Weilireg was originally approved for von Hippel-Lindau disease, a rare hereditary condition that causes tumor growths in various organs. Merck is exploring Welireg's use in additional indications, including combinations with Keytruda and other drugs for various cancers, further amplifying its growth prospects.
While Keytruda's LOE is approaching in 2028, Merck is proactively implementing several initiatives to enhance Keytruda's prospects and mitigate the impact of generic competition. One initiative is the development of a subcutaneous formulation of Keytruda, currently in Phase 3 trials, with study completion expected in October 2026. If successful, this formulation could provide Merck with a competitive advantage over future intravenous generics, as it would offer a more convenient administration route for patients.
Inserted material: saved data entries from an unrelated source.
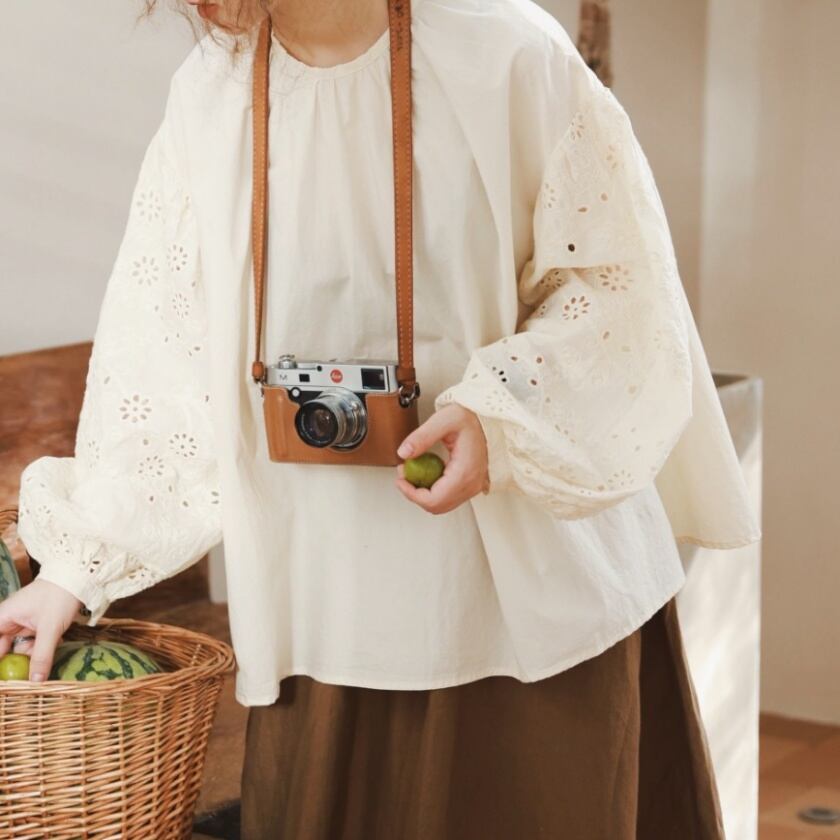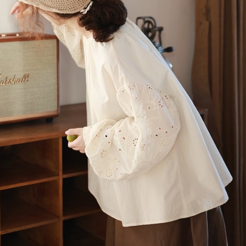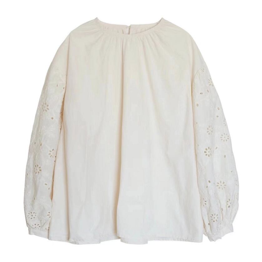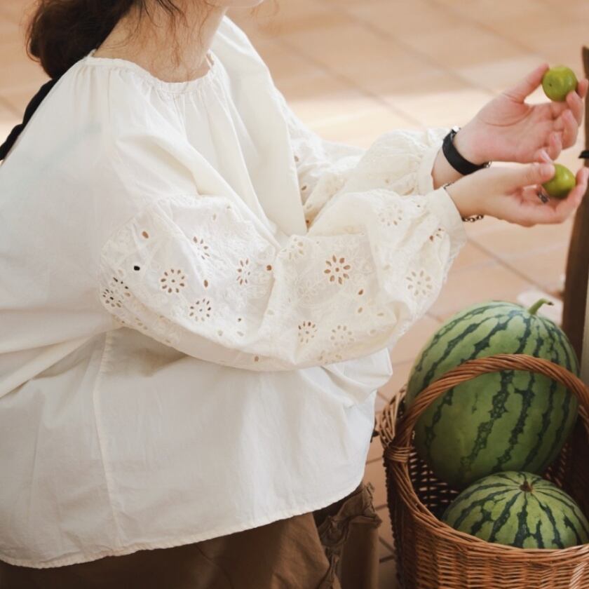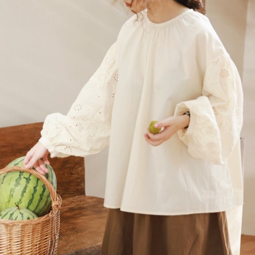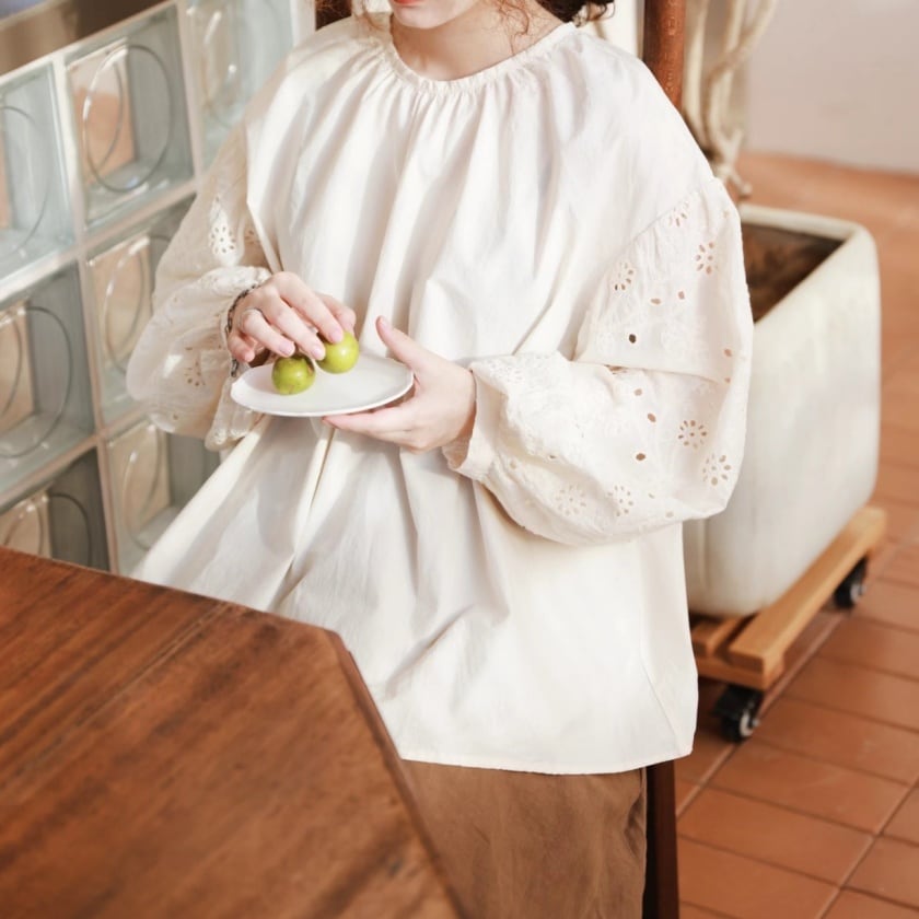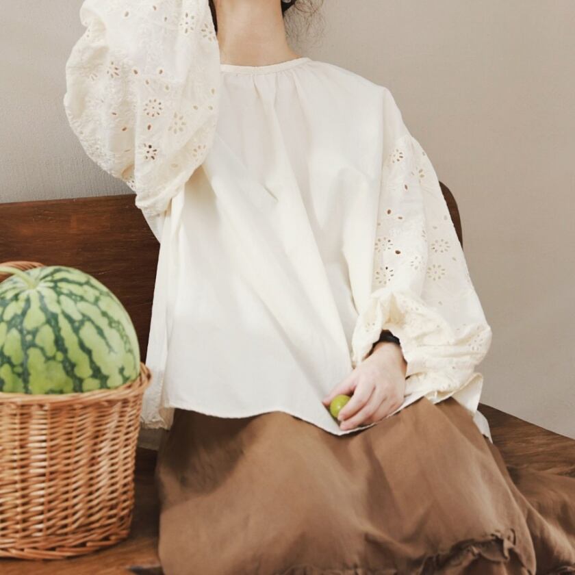 パンチングレーススリーブトップス T0116
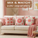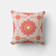 This hand‑drawn throw pillow is covered with large coral pink flowers with sunny yellow centres, surrounded by bold orange and yellow geometric accents on a cream background. The repeating pattern creates a vibrant retro style with a mid‑century modern twist. It’s a colourful accent piece for your sofa, bed, or reading nook.
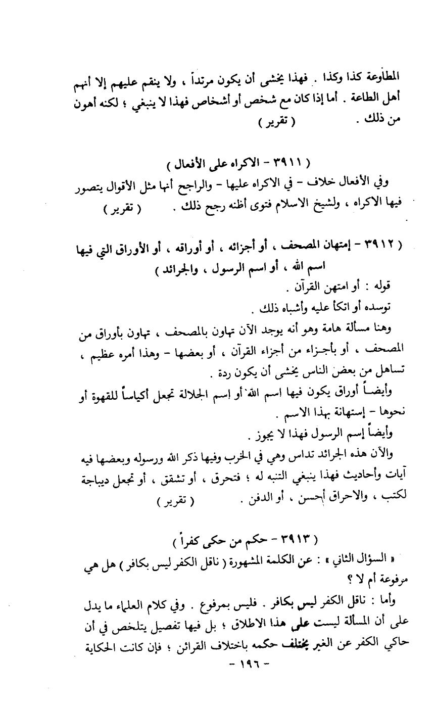 3912 - امتهان المصحف، أو أجزائه، أو أوراقه، أو أوراق التي فيها اسم الله، أو اسم الرسول، والجرائد)

Additionally, Merck is exploring combination therapies involving Keytruda, leveraging its synergistic potential with other immunotherapies targeting different cellular pathways. By expanding Keytruda's applications and enhancing its value proposition, Merck aims to maintain its position as a leader in the immuno-oncology space, even in the face of impending patent expiration.
Merck's strategic initiatives and innovative pipeline underscore the company's commitment to delivering transformative therapies that address unmet medical needs and improve patient outcomes. From the groundbreaking Winrevair for PAH to the expanded indications for Welireg and the continued growth of the Gardasil franchise, Merck's diverse portfolio reflects its adaptability and resilience in navigating the ever-changing biopharmaceutical landscape.